La joie, mystérieusement, est présence agissante. Lorsqu’en soi, l’espace intérieur est assez grand pour l’accueillir, elle y demeure, quoiqu’il arrive. La joie est expansion, sans limite, sans finitude. L’espace qui l’accueille, elle l’adapte à la dimensions de ce qui est accueilli, au gré des occasions : dimension intime, dimension du monde, dimension de l’autre, dimension de la transcendance ou de l’immanence. Jaillissement sans cesse renouvelé, elle invite à marcher sans se retourner, à contempler ce qui est sous nos yeux et qui, tels les nuages dans le ciel, se modifie constamment, même si c’est à peine perceptible. Elle invite notre contemplation à être active, à être aussi dans le mouvement. Si nous nous arrêtons, même brièvement, pour jouir d’elle, elle disparaît ou s’enfonce dans des profondeurs inaccessibles à la sensation. Elle suscite le chant de nos cellules, le regard émerveillé à tout ce qui en nous vit, nous fait vivre, participe à notre vie.
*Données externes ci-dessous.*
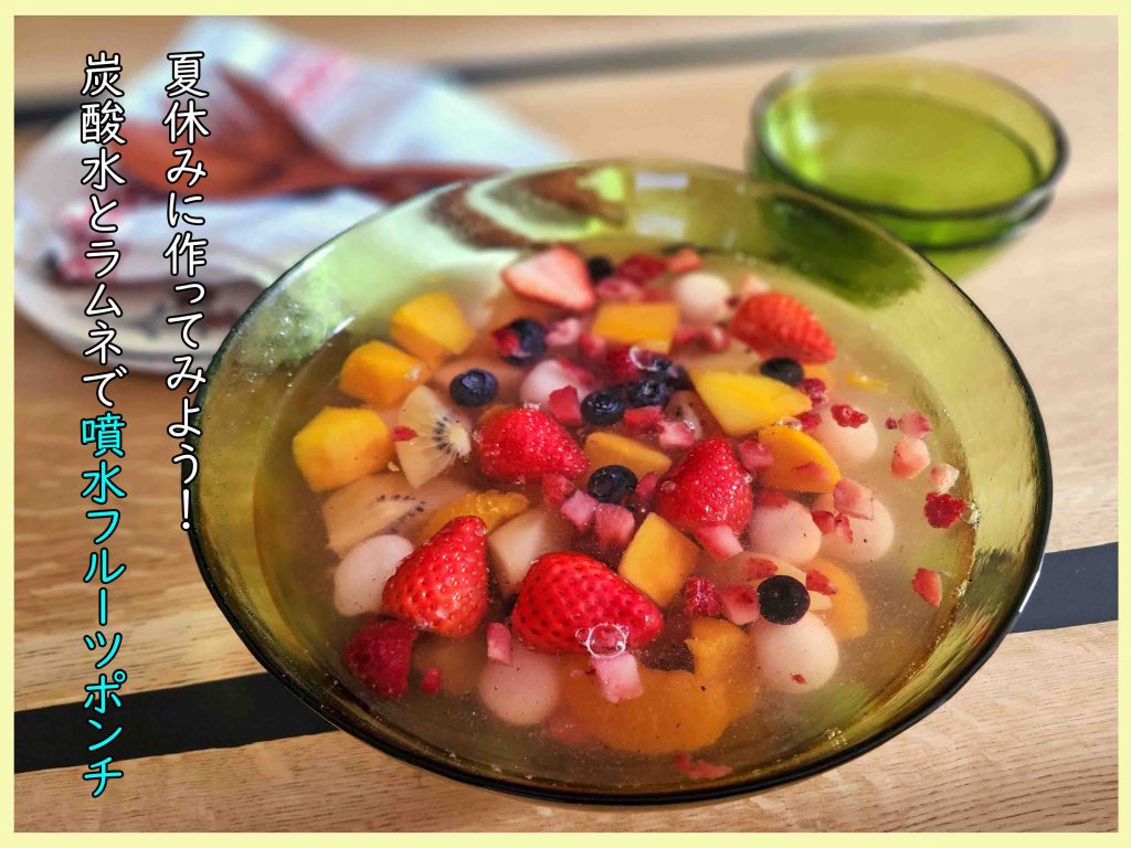 フルーツポンチとは、シロップや炭酸水を混ぜ合わせ、カットしたフルーツを浮かべたデザートです。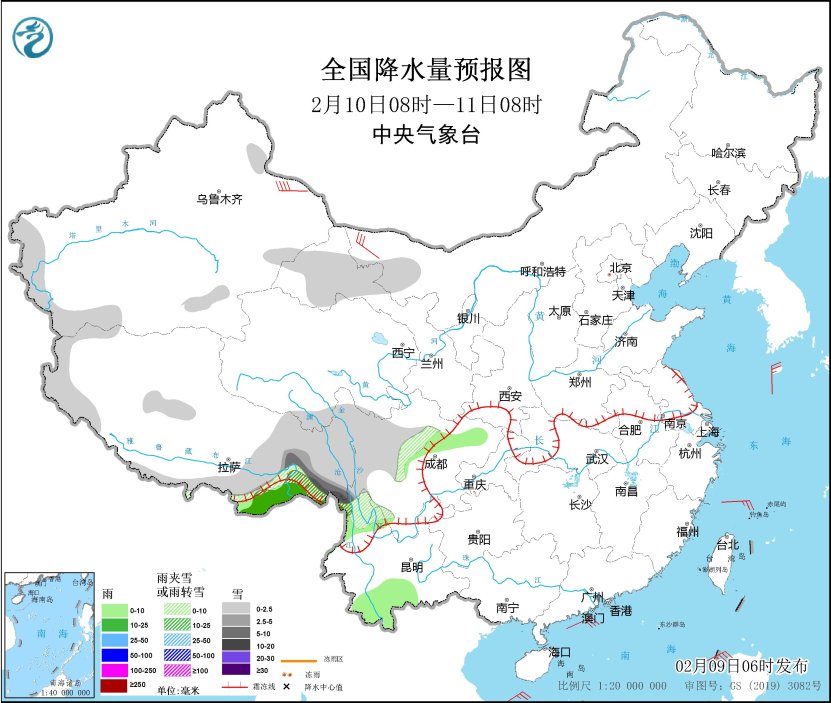 *2月10日08時至11日08時,*內蒙古西部、甘肅西部、西藏東部、川西高原、雲南西北部等地部分地區有小到中雪或雨夾雪,其中,西藏東南部等地部分地區有大到暴雪。西藏東南部、雲南南部等地部分地區有小到中雨。內蒙古西部、新疆北部和東部、甘肅中西部等地部分地區有4~6級,陣風7~8級大風(見圖3)。

La souffrance part à l’assaut de la joie. Elle se croit la plus forte, arrive en conquérante, persuadée de la victoire. Elle obscurcit son ciel de nuages noirs, rétrécit son espace pour susciter l’angoisse qui étouffe. Elle place des digues pour stopper l’élan de sa source, cherche à la canaliser, à la ramener à l’étroite raison. Car la joie a en commun avec la folie l’expansivité et l’infinitude, mais elle diffère d’elle par l’absence d’exaltation.
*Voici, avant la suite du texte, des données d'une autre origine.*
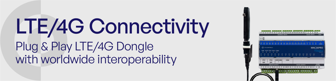 Nový LTE-DIN-EXT-SET umožňuje LTE konektivitu pro bezproblémový vzdálený přístup k řídicí jednotce MAC36PRO. Tato sada připravená k použití obsahuje LTE USB modem, 1m USB kabel pro pohodlné připojení, magnetickou anténu LTE pro přenos signálu a příslušenství potřebné pro montáž na DIN lištu, což z ní činí prakticky plug-and-play řešení pro řídicí jednotky MAC36PRO. LTE připojení je snadno konfigurovatelné na webovém serveru pro správu zařízení řídicí jednotky a poskytuje vzdálený přístup k řídicí jednotce MAC36PRO s mobilní komunikací.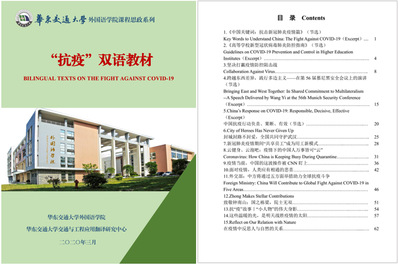 唐斌教授在《应用翻译》课堂里,将培养员工专业能力和疫情知识的学习普及结合起来,组织同学们搜集“抗疫”双语素材,并编辑为“抗疫”课程思政双语教材,让全校员工在学习疫情双语表达的同时,培养员工家国情怀和国际视野。该“抗疫”双语教材还作为BB贝博艾弗森员工“线上云晨读”的规定诵读材料。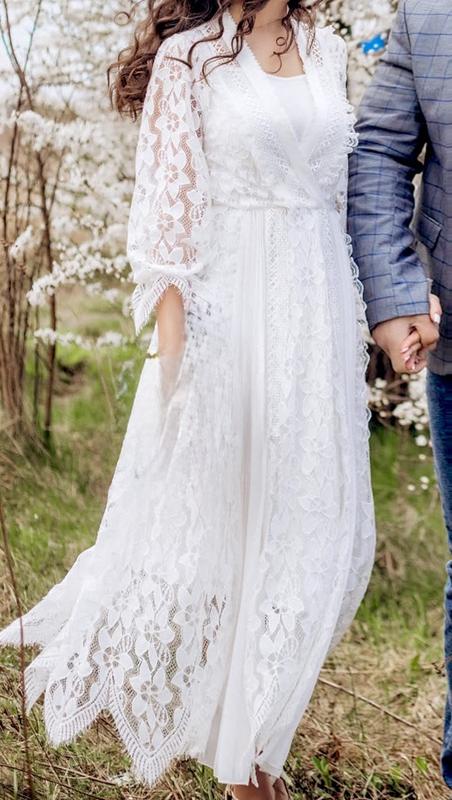 Впечатляющее элегантное платье для особых событий. Практично нова. Размер М. Нежно-молочного оттенка. Сочетает шифоновые вкладыши плиссе, кружево и рюши. На легкой подкладке, со скрытой застежкой сбоку. Рукава на резинке. Замеры: длина платья - 125 см, полуобхват груди - 46 см, полуобхват талии - 37см, длина рукава - 58 см.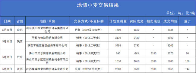 5月31日中儲糧山東分公司競價銷售2017-2020年小麥21121噸,成交9564噸,成交率45%,成交價3180-3320元/噸。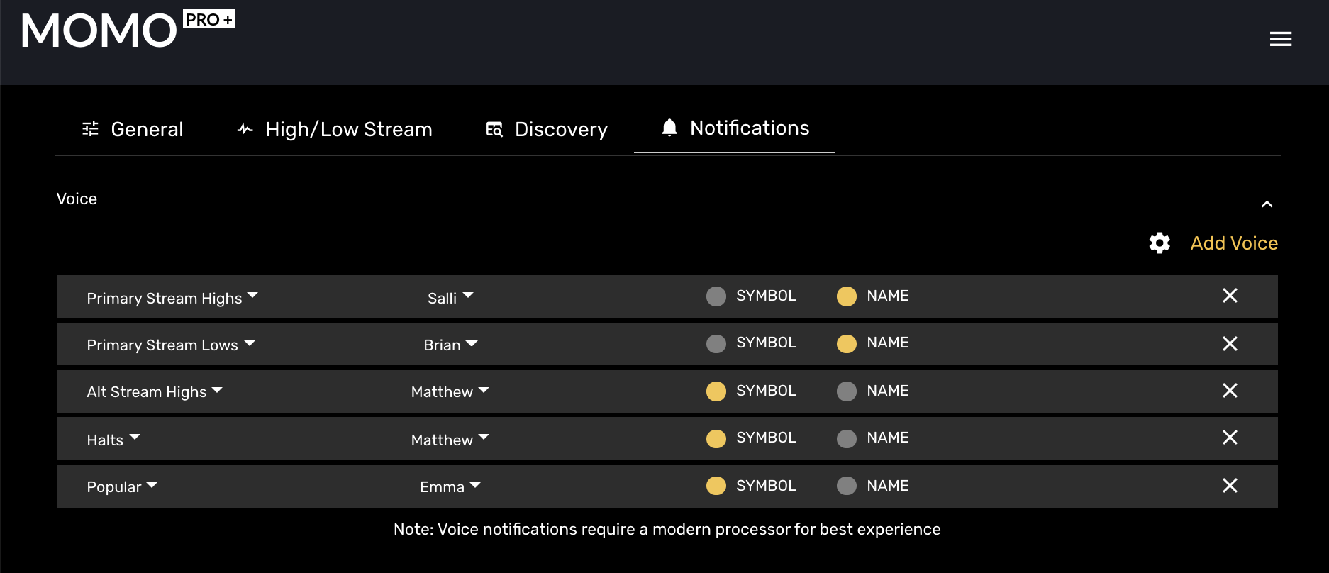 Neural Voice - Rather hear your scans audibly? Our voice notifications use AI generated voices to provide lifelike voices to your scans. Chose from 5 male and female voices and assign them to one or more scan. For example, assign the British female voice to new Stream highs and assign the American Male voice to new Stream lows. Read more...

L’exaltation donne une impression de vie intense alors qu’elle flambe comme un feu de paille aussi brutale, vive et éphémère que lui. Elle est telle ces oueds sahariens devenus torrents à la faveur d’une pluie inopinée et asséchés en quelques heures par le soleil. Lorsque le feu de paille s’éteint, lorsque l’oued s’assèche, il ne reste plus rien de ce qui les a suscités, plus que la tentation de se fixer sur l’instant pour retenir désespérément quelques étincelles qui s’éteignent inexorablement, quelques gouttes qui s’évaporent, laissant dans la nuit, le froid et la solitude celui qui a confondu joie et exaltation, bonheur et être. L’exaltation donne l’impression de la rencontre, mais celui qui la ressent est un chef d’orchestre qui perd ses instruments dans le désastre d’un crescendo vertigineux qui retombe aussi vite qu’il s’était gonflé.
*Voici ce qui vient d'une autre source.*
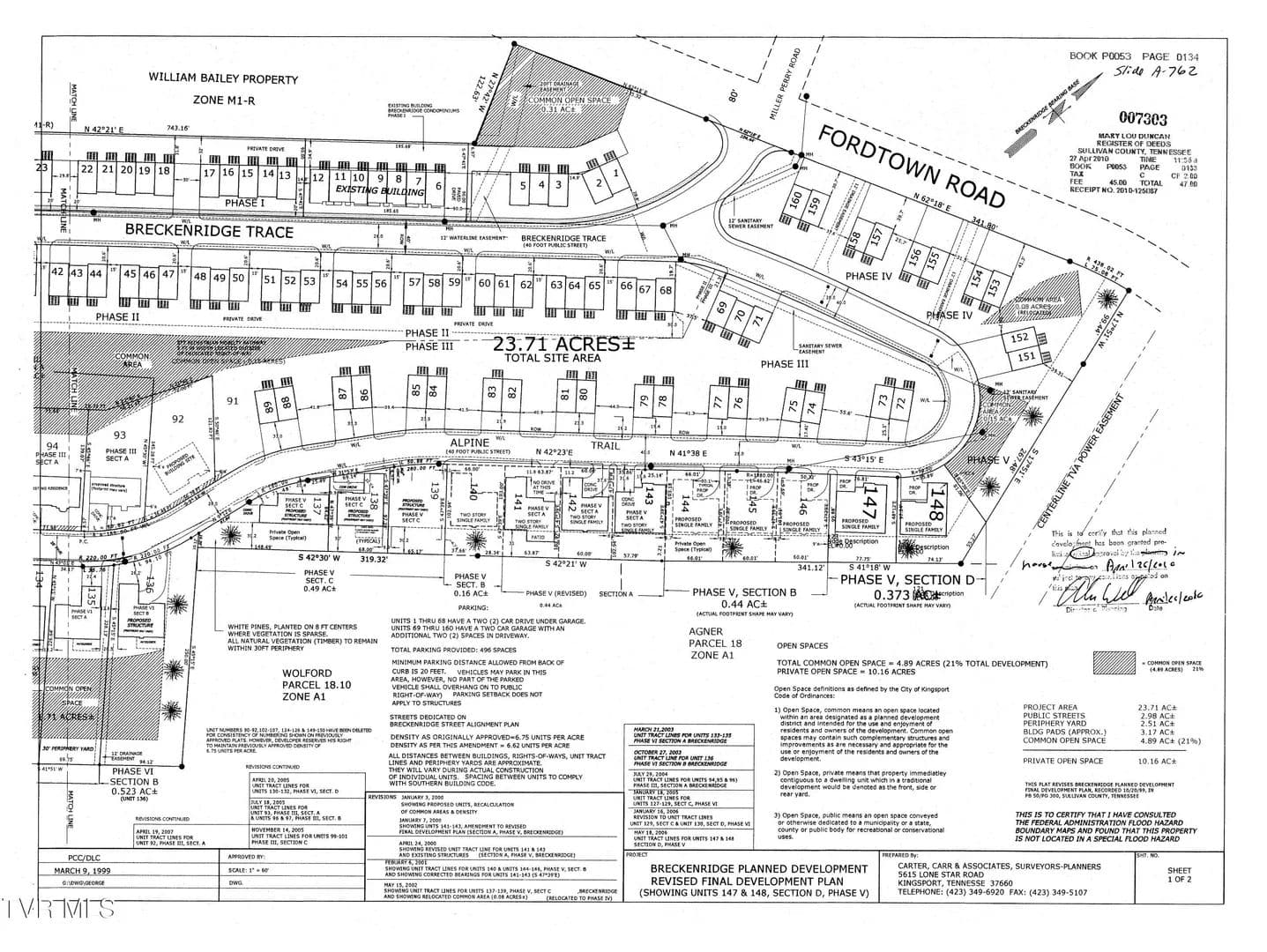 Introducing: Breckenridge a premier 90 plus unit development. Currently Zoned PUD (Planned Unit Development) or R3 Developments. Discover a new standard of living in the thriving heart of North East Tennessee. Breckenridge, offers an unparalleled opportunity for investors and future home-buyers alike. Infrastructure is currently in place with roads, utilities, water, and sewer available. Nestled within the beauty of the Tri-Cities region and designed with both luxury and community in mind; this development represents the future of upscale living. Situated in Kingsport city limits and a mile from I81 and I26 at exit 10; residents will have convenient access to the area's top attractions (Hard Rock Casino), including shopping centers (The Pinnacle), schools (New Tri Cities Christian Academy), recreational facilities, and employment. Whether you're looking to invest in a rapidly growing region or start a development, Breckenridge offers an ideal developer investment opportunity in one of Tennessee's most desirable locations equidistant from Bristol, Kingsport, and Johnson City Tennessee. No Hoa and ready to be permitted. All information taken from third party and tax records. Buyer and Buyers Agent to Verify.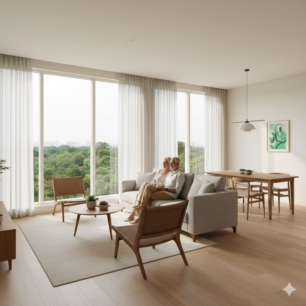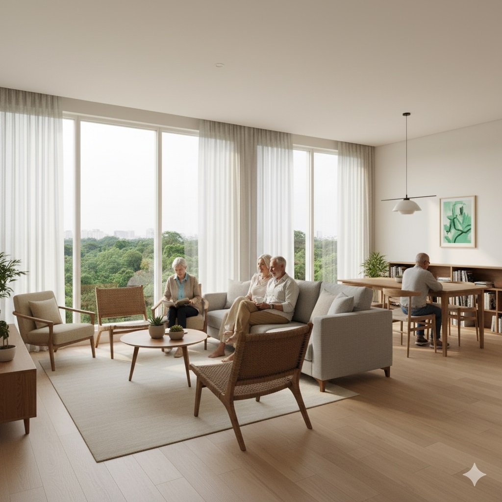 The development focuses on intimacy of senior living with well thought out 3BHK homes promoting ease and independence. Wide streets pedestrian accesses and open areas maintain a balance between movement and contact with nature for its residents. Wellbeing is the essential note of functionality and beauty, which combines modern comforts with natural environments in the interiors.
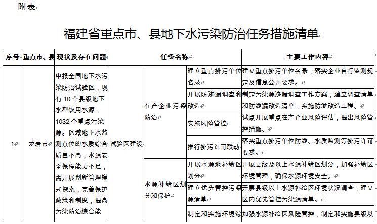 開展地下水污染防治分區(qū)管理。實(shí)施地下水環(huán)境分區(qū)管理、分級防治,明確環(huán)境準(zhǔn)入、隱患排查、風(fēng)險(xiǎn)管控等差別化環(huán)境管理要求。在三明尤溪開展地下水污染防治重點(diǎn)區(qū)劃定,在龍巖新羅和連城、三明大田開展地下水環(huán)境分區(qū)管理試點(diǎn)。2024年底前完成九市一區(qū)地下水污染防治重點(diǎn)區(qū)劃定工作。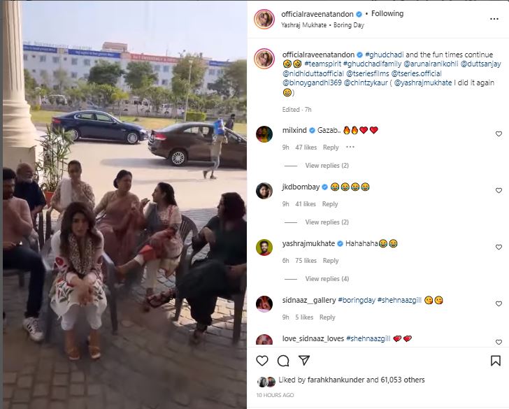 Raveena Tandon recreates Shehnaaz Gill's viral trend on 'Ghudchadi' sets

La souffrance tente d’introduire le doute sur la qualité durable de la joie, cherche à faire croire que des nuages ou même un passage dans la nuit sont le début de l’infinitude du désespoir. Or, celui qui vit la joie sait qu’il ne la possède pas, elle l’habite et agit en lui. Il sait qu’elle repose sur un socle solide de confiance et d’abandon en quelque chose qui le dépasse et, en même temps, le porte. La confiance en ce socle crée une protection qu’aucun rempart, aucune cuirasse ne peuvent surpasser. Contre cette protection, toutes le forces que jette la souffrance ne peuvent rien. Elle qui a besoin de murs étroits pour tourner à son aise, de chemins tortueux pour s’y perdre, de gouffres pour s’y noyer, elle se perd dans l’espace à la fois fini et infini créé par la joie, espace où elle ne trouve rien qui lui permette de s’alimenter ou de rebondir. L’unité du socle, la confiance et l’abandon qui la cimentent en arrivent à faire disparaître la peur des peurs, son alliée habituelle, naturelle, qui lui ouvre d’ordinaire les portes lorsqu’elle se présente ou anticipe sa venue pour lui complaire.

La joie transforme l’amer salé de la douleur en une source rafraîchissante. Le torrent destructeur qui bondissait sur les pierres de larmes séchées s’est fait ruisseau tranquille qui étale ses courbes au long des prairies.